A BROMSGROVE woman who tried to rip off an elderly, vulnerable couple by selling them a rubbish roof paint at an extortionate price has avoided spending time behind bars.

The couple, aged 84 and 85-years-old, who lived in Woodbury Road, Halesowen, were conned into believing the paint would massively reduce heat loss but that was a total sham.

Julie Barrett was working as a sales representative in the scam which, said Judge Martin Walsh, duped their retired customers in a “frenzy of commission lead fraud.”

Barrett, 50, now unemployed and living on benefits, of Hewell Avenue had denied one charge of fraud but she was convicted by a jury at the end of her trial.

The Judge told her it was clear she had been dishonest and it had been her aim to make false claims about the the roof paint to John and Elsie Parkes.

“You were involved in selling this product and you made false representations to achieve a sale for commission,” he told Barrett at Wolverhampton Crown Court.

It was serious offending, he stressed, but ruled he was able to place Barrett on supervision for 18 months coupled with 180 hours unpaid work in the community.

After the case Christopher King, a principal trading standards officer, said the prosecution showed that sales staff going from door to door were equally as guilty as the directors of the companies involved.
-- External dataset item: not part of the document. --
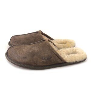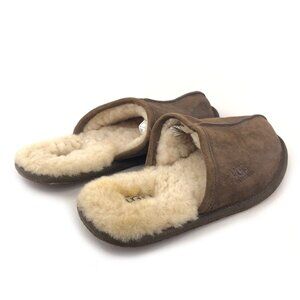 UGGs favorite house slipper is made for weekends and nights in, with soft wool lining and an easy slip-on shape. With its thin rubber sole, the Scuff is best worn indoors. Leather Upper. UGGpure wool footbed. Leather outsole with UGG logo print.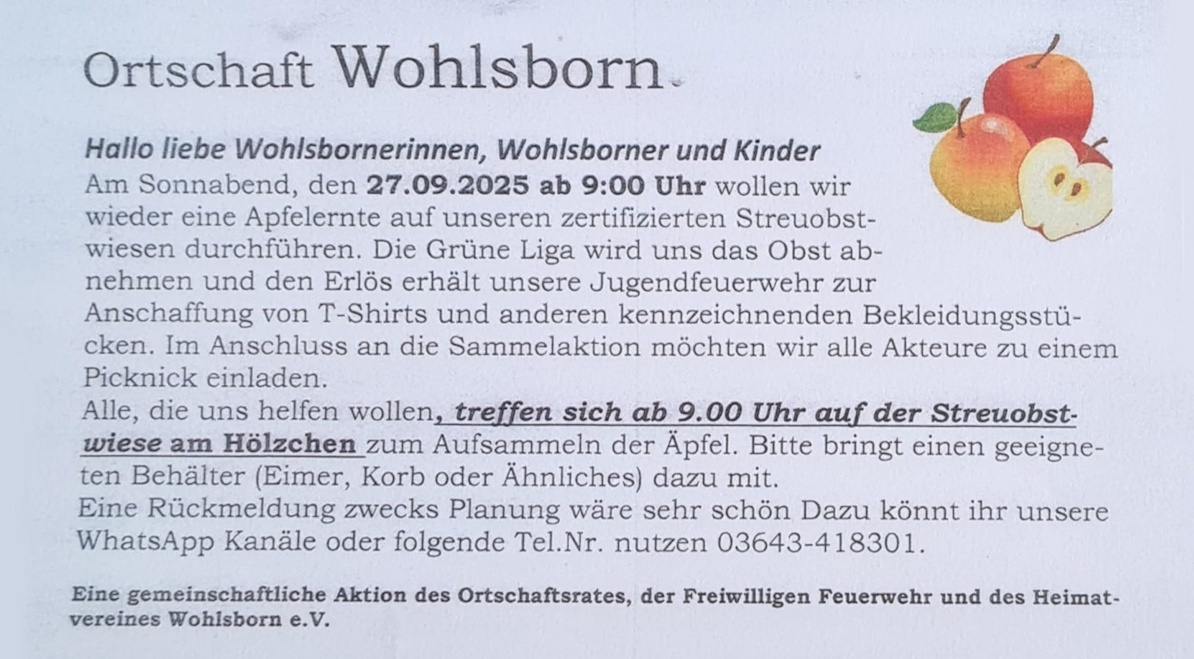 Nach dem die Idee geboren war, im Heimatverein abgestimmt war und die Absprachen mit der Grünen Liga zur Abnahme und Verwertung der Äpfel getroffen waren, wurden 120 Einladungen in Wohlsborn verteilt:

He said he hoped sentencing in the case which involved more than 2,700 victims nationwide would send out the message that rogue trading would be punished severely.

The two men behind the scam - Alan Wilson 54 of Fazeley Road, Tamworth and 45 year old Christopher Wilkes of Tamworth Lane, Solihull - were both jailed for five years each by the Judge at an earlier hearing.

The court had been told they made grossly exaggerated claims for a product they knew “had little to commend it” and their sales staff had preyed on the fears of customers.

The Judge said Barrett, a woman of previous good character, had been behind a single transaction but it was mean offending bearing in mind the age and vulnerability of her victims.

He said that by ordering her to carry out unpaid work in the community it would help make some recompense for her dishonesty.